* Problem to work on: With the pictures left out, retype exactly the lines below starting at the line that contains "Research Presentations from" and ending at the line that contains "ယနေ့ လှူဒါန်းပွဲတွင် လတ်တလော".

### Data provided ###

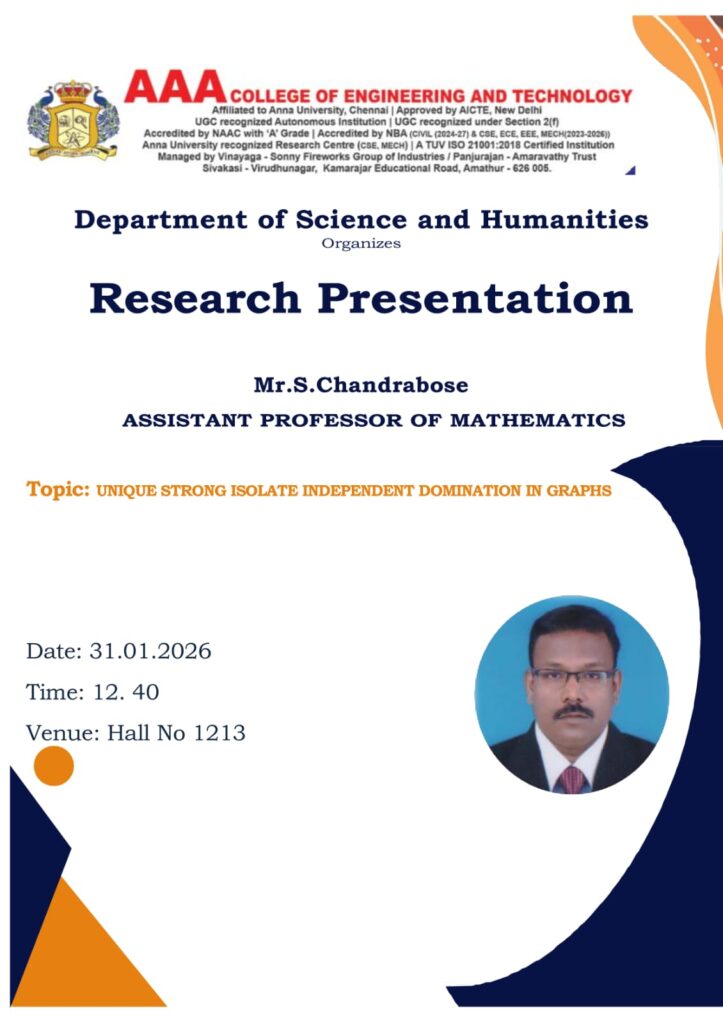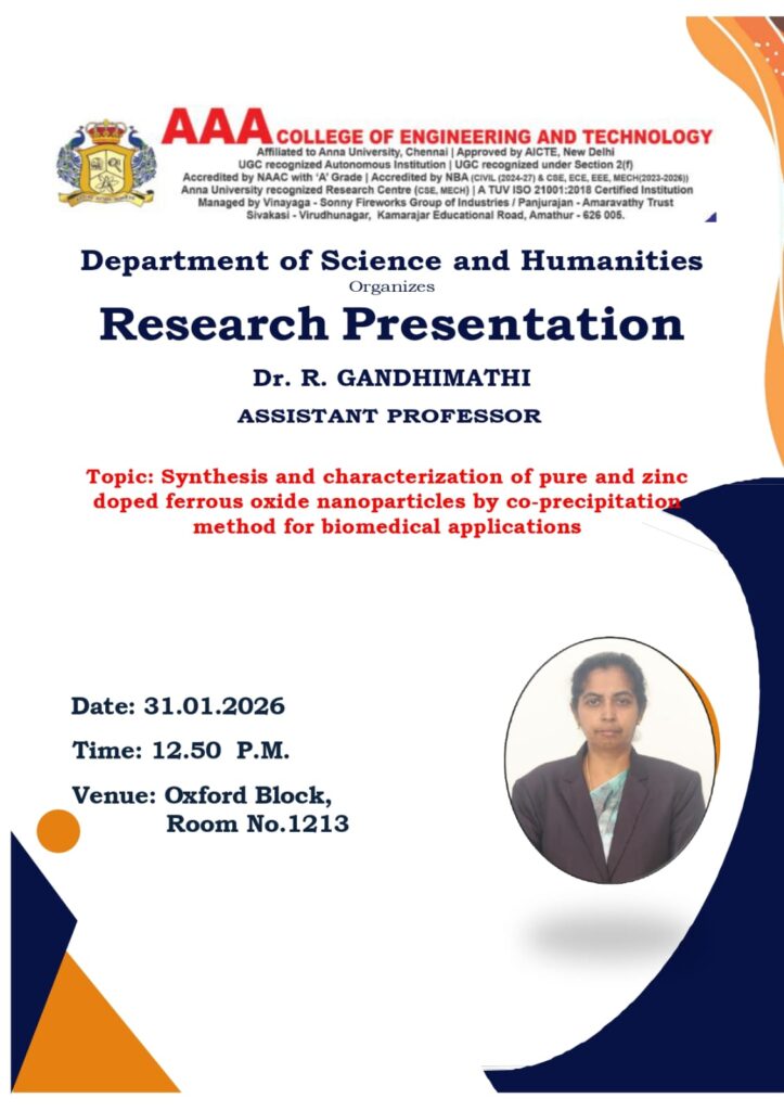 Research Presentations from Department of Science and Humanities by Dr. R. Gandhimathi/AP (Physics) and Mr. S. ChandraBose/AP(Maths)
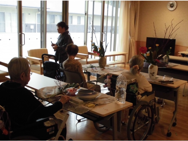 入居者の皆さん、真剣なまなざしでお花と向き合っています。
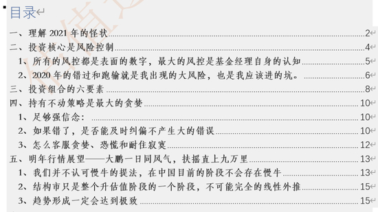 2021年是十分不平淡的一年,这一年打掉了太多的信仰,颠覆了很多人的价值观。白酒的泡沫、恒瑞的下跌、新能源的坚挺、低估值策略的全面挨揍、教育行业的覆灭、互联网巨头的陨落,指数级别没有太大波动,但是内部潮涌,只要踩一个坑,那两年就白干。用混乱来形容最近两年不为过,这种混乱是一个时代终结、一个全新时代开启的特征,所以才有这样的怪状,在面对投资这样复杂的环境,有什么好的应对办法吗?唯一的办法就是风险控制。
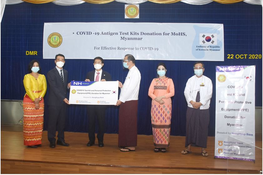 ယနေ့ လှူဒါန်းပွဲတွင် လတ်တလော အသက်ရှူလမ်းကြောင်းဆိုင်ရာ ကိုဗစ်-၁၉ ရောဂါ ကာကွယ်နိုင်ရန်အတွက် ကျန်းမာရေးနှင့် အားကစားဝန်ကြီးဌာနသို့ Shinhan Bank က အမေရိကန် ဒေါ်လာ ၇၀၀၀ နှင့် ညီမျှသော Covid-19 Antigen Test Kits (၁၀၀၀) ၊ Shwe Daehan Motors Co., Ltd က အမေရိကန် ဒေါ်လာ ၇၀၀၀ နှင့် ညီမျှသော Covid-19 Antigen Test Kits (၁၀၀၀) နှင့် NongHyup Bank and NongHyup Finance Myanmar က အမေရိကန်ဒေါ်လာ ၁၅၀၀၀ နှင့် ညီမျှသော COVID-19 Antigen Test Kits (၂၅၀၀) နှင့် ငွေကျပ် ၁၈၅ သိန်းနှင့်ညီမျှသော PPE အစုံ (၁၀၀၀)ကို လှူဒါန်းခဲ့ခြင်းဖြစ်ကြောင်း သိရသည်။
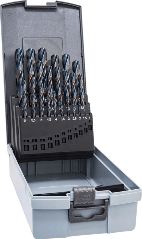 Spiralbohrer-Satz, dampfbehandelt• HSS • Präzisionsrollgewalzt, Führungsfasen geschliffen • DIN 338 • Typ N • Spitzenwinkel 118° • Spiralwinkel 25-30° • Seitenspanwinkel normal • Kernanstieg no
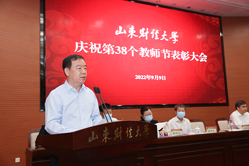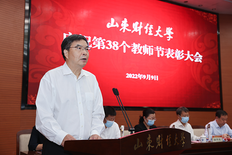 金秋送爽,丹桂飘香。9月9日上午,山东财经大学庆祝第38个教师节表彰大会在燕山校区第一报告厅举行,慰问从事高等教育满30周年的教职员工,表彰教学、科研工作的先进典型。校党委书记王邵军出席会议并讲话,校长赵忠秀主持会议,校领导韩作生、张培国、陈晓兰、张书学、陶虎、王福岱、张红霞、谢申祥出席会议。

###
### Data provided ###

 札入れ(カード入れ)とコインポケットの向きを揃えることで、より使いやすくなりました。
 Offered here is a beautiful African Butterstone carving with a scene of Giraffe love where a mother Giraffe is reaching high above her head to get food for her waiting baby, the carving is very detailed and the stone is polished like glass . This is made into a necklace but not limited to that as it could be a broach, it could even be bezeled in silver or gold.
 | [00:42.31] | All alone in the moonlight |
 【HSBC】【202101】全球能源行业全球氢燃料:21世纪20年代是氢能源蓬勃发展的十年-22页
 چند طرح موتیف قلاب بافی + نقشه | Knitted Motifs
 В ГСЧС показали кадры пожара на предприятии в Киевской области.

###

* Answer for this exercise:
 Research Presentations from Department of Science and Humanities by Dr. R. Gandhimathi/AP (Physics) and Mr. S. ChandraBose/AP(Maths)
 入居者の皆さん、真剣なまなざしでお花と向き合っています。
 2021年是十分不平淡的一年,这一年打掉了太多的信仰,颠覆了很多人的价值观。白酒的泡沫、恒瑞的下跌、新能源的坚挺、低估值策略的全面挨揍、教育行业的覆灭、互联网巨头的陨落,指数级别没有太大波动,但是内部潮涌,只要踩一个坑,那两年就白干。用混乱来形容最近两年不为过,这种混乱是一个时代终结、一个全新时代开启的特征,所以才有这样的怪状,在面对投资这样复杂的环境,有什么好的应对办法吗?唯一的办法就是风险控制。
 ယနေ့ လှူဒါန်းပွဲတွင် လတ်တလော အသက်ရှူလမ်းကြောင်းဆိုင်ရာ ကိုဗစ်-၁၉ ရောဂါ ကာကွယ်နိုင်ရန်အတွက် ကျန်းမာရေးနှင့် အားကစားဝန်ကြီးဌာနသို့ Shinhan Bank က အမေရိကန် ဒေါ်လာ ၇၀၀၀ နှင့် ညီမျှသော Covid-19 Antigen Test Kits (၁၀၀၀) ၊ Shwe Daehan Motors Co., Ltd က အမေရိကန် ဒေါ်လာ ၇၀၀၀ နှင့် ညီမျှသော Covid-19 Antigen Test Kits (၁၀၀၀) နှင့် NongHyup Bank and NongHyup Finance Myanmar က အမေရိကန်ဒေါ်လာ ၁၅၀၀၀ နှင့် ညီမျှသော COVID-19 Antigen Test Kits (၂၅၀၀) နှင့် ငွေကျပ် ၁၈၅ သိန်းနှင့်ညီမျှသော PPE အစုံ (၁၀၀၀)ကို လှူဒါန်းခဲ့ခြင်းဖြစ်ကြောင်း သိရသည်။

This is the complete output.